Increasing the distance between the bottom of the carburetor and the plenum floor also has advantages-and it works no matter what type of spacer you use. For any carburetor to work at its best, you need a strong vacuum signal from the combustion chambers to create good airflow through the venturis and ensure good mixture quality at the boosters. In a street engine, the distance that you can move the carburetor from the combustion chambers while still getting a strong signal is quite limited. In a more efficient race engine that has more efficient airflow through the ports and runs at a much higher rpm, the signal is typically much stronger and travels a greater distance. This allows you to move the carburetor farther away from the chambers with the use of a carburetor spacer and gives the air/fuel mixture a chance to reduce its velocity before having to make the turn to get into the intake runners. When this turn is too sharp, the fuel (which has a greater mass than the air in which it is suspended) tends to fall out of suspension and collect into larger, unburnable droplets. By using a carburetor spacer to reduce the speed and angle at which the air/fuel charge must make the turn into the runners, you can keep more fuel in suspension all the way to the combustion chambers.

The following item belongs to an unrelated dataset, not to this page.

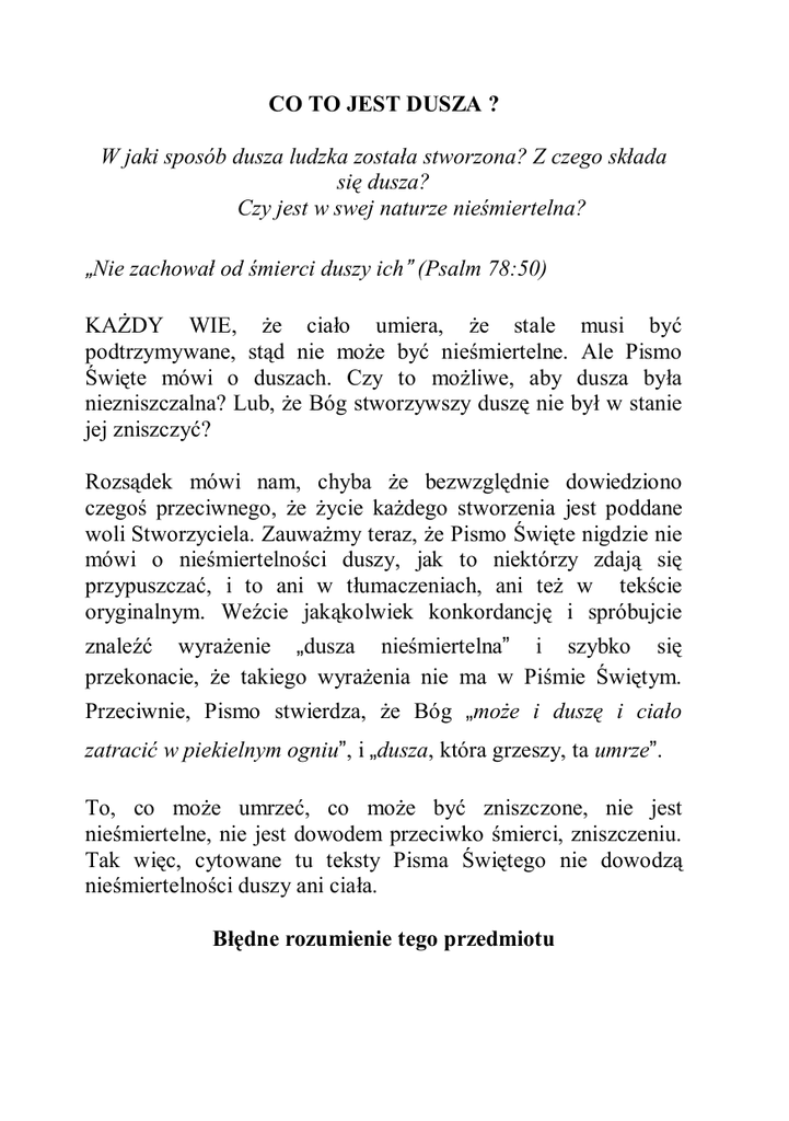 CO TO JEST DUSZA ? W jaki sposób dusza ludzka została stworzona? Z czego składa się dusza? Czy jest w swej naturze nieśmiertelna? „Nie zachował od śmierci duszy ich” (Psalm 78:50) KAŻDY WIE, że ciało umiera, że stale musi być podtrzymywane, stąd nie może być nieśmiertelne. Ale Pismo Święte mówi o duszach. Czy to możliwe, aby dusza była niezniszczalna? Lub, że Bóg stworzywszy duszę nie był w stanie jej zniszczyć? Rozsądek mówi nam, chyba że bezwzględnie dowiedziono czegoś przeciwnego, że życie każdego stworzenia jest poddane woli Stworzyciela. Zauważmy teraz, że Pismo Święte nigdzie nie mówi o nieśmiertelności duszy, jak to niektórzy zdają się przypuszczać, i to ani w tłumaczeniach, ani też w tekście oryginalnym. Weźcie jakąkolwiek konkordancję i spróbujcie znaleźć wyrażenie „dusza nieśmiertelna” i szybko się przekonacie, że takiego wyrażenia nie ma w Piśmie Świętym. Przeciwnie, Pismo stwierdza, że Bóg „może i duszę i ciało zatracić w piekielnym ogniu”, i „dusza, która grzeszy, ta umrze”. To, co może umrzeć, co może być zniszczone, nie jest nieśmiertelne, nie jest dowodem przeciwko śmierci, zniszczeniu. Tak więc, cytowane tu teksty Pisma Świętego nie dowodzą nieśmiertelności duszy ani ciała. Błędne rozumienie tego przedmiotu Czymże więc jest dusza? Ogólne pojęcie o duszy określa ją jako coś nieokreślonego, co jest w nas, ale tylko niewielu próbuje wyjaśnić co to takiego i gdzie jest umiejscowione. Niektórzy twierdzą, że to nieznane coś jest rzeczywistą, inteligentną istotą, podczas gdy ciało jest po prostu jej mieszkaniem lub narzędziem. Pewien biskup metodysta określił kiedyś duszę w następujący sposób: „Nie ma ona ani wnętrza ani zewnętrza, nie posiada ciała, kształtu lub części, i milion dusz można umieścić w łupinie orzecha”. Można by rzec, że jest to bardzo dobra definicja niczego. Ciało nie jest duszą, jak to niektórzy utrzymują. Dowodzi tego Jezus, kiedy stwierdza, że Bóg „może i duszę i ciało, zatracić w piekielnym ogniu”. W świetle tego, jeśli wyzwolimy nasze umysły od uprzedzeń, powinniśmy być w stanie nauczyć się czegoś więcej w tym względzie badając natchniony opis stworzenia człowieka. Jak została stworzona dusza ludzka Udając się do 1 Mojż. 2:7 czytamy: „Stworzył tedy Pan Bóg człowieka z prochu ziemi, i natchnął [hebr. dmuchnął] w oblicze jego dech [hebr. wiatr, moc] żywota [hebr. życia, l. mn., to znaczy, że życie jako takie było wspólne wszystkim żywym stworzeniom]. I stał się człowiek duszą żywiącą [to jest, istotą czującą]”. Opis ten pokazuje, że najpierw zostało stworzone ciało, ale zanim nastąpiło ożywienie, nie był to człowiek, dusza lub istota. To ciało miało oczy, ale nic nie widziało, uszy, ale nic nie słyszało, usta, ale nic nie mówiło, język, ale nie czuło smaku, nozdrza, ale nie znało woni, serce, które nie pulsowało, krew, która była zimna, pozbawiona życia, płuca, które nie pracowały. Nie był to człowiek, ale zwłoki, nieożywione ciało. Drugi krok w procesie stwarzania człowieka stanowiło obdarzenie żywotnością właściwie „uformowanego” i pod każdym względem przygotowanego ciała. To jest opisane w słowach: „i tchnął w oblicze [nozdrza] jego dech żywota”. Gdy zdrowa osoba utonie i jej życie jest całkowicie zawieszone w swych funkcjach, przywrócenie do przytomności następuje przez poruszanie ramionami tak, by płuca pracowały jak miechy i stopniowo ustalało się oddychanie nosem. W przypadku Adama nie wymagało to oczywiście żadnego pracochłonnego wysiłku ze strony Stwórcy powodującego, by doskonały, stworzony przez Niego organizm zaczął oddychać życiodajnym tlenem atmosfery. Gdy ożywcze powietrze dostało się do płuc, nastąpiło ich rozszerzenie, cząsteczki krwi utleniły się i przesunęły się do serca, a ten organ przekazał je z kolei do każdej części ciała, budząc wszystkie przygotowane, ale dotychczas nie reagujące nerwy do energii i odczuwania. W jednej chwili energia dotarła do mózgu rozpoczynając proces myślenia, postrzegania, rozumowania, patrzenia, dotykania, odczuwania smaku, czucia i powonienia. To co było ludzkim organizmem pozbawionym życia, stało się człowiekiem, istotą czującą, osiągnięty został stan „duszy żywiącej” [żyjącej], o którym wspomina tekst. Innymi słowy termin „dusza żywiąca” oznacza ni mniej ni więcej tylko tyle co „istota czująca”, to znaczy istota zdolna do odczuwania, postrzegania i myślenia. Co więcej, chociaż Adam miał doskonały organizm, podtrzymywanie życia, duszy lub istoty czującej przez spożywanie owoców drzew żywota było dla niego niezbędne. A gdy zgrzeszył, Bóg wypędził go z ogrodu „by snać nie ściągnął ręki swej, i nie wziął z drzewa [l. mn., z drzew lub z sadu] żywota i nie jadł, i żyłby na wieki [tzn. stale spożywając z nich]” (1 Mojż. 3:22). O jakże rozprasza się mgła i tajemnica w świetle prawdy, która bije ze Słowa Bożego! Niższe zwierzęta są także duszami Tak więc zobaczymy jak to się dzieje, że Pismo Święte mówi o „duszy” w odniesieniu do niższych zwierząt. Podobnie jak człowiek, są one istotami czującymi lub istotami inteligentnymi, jednakże niższych rodzajów. Podobnie jak człowiek, mogą widzieć, słyszeć, czuć, odczuwać smak i mieć powonienie. I każde też może rozumować odpowiednio do poziomu swego własnego organizmu, chociaż żadne nie umie wnioskować w sposób zawiły, lub na tak wysokim poziomie jak człowiek. Różnica ta nie jest wynikiem posiadania przez człowieka innego rodzaju życia niż to, jakie posiadają niższe zwierzęta, wszyscy bowiem posiadają podobne siły witalne, z tego samego źródła lub fontanny życia, tego samego Stwórcy. Wszyscy podtrzymują życie w ten sam sposób, przez trawienie podobn

They increase the distance between the carburetor and the intake runner without excessively increasing plenum volume. A four-hole spacer uses holes that are the same diameter or slightly larger than the carburetor's venturis with no taper or angle to the walls. Generally, they help to build low- and mid-range torque and are especially useful on small or slick tracks, where a racer may spend a great portion of the lap at part throttle.

"The throttle blades in the carburetor give so much direction to the air/fuel flow at part throttle, you have to do something to help it out," explains Wilson. "And most racers are at part throttle way more than they would ever believe. I've been to tests at places like Atlanta, Charlotte, and Michigan with Nextel Cup teams-tracks that are real big and people would think are mostly wide open. But the telemetry shows that the drivers spend much of the lap at part throttle, more than even most of them could believe. It's the same situation on smaller or slick tracks.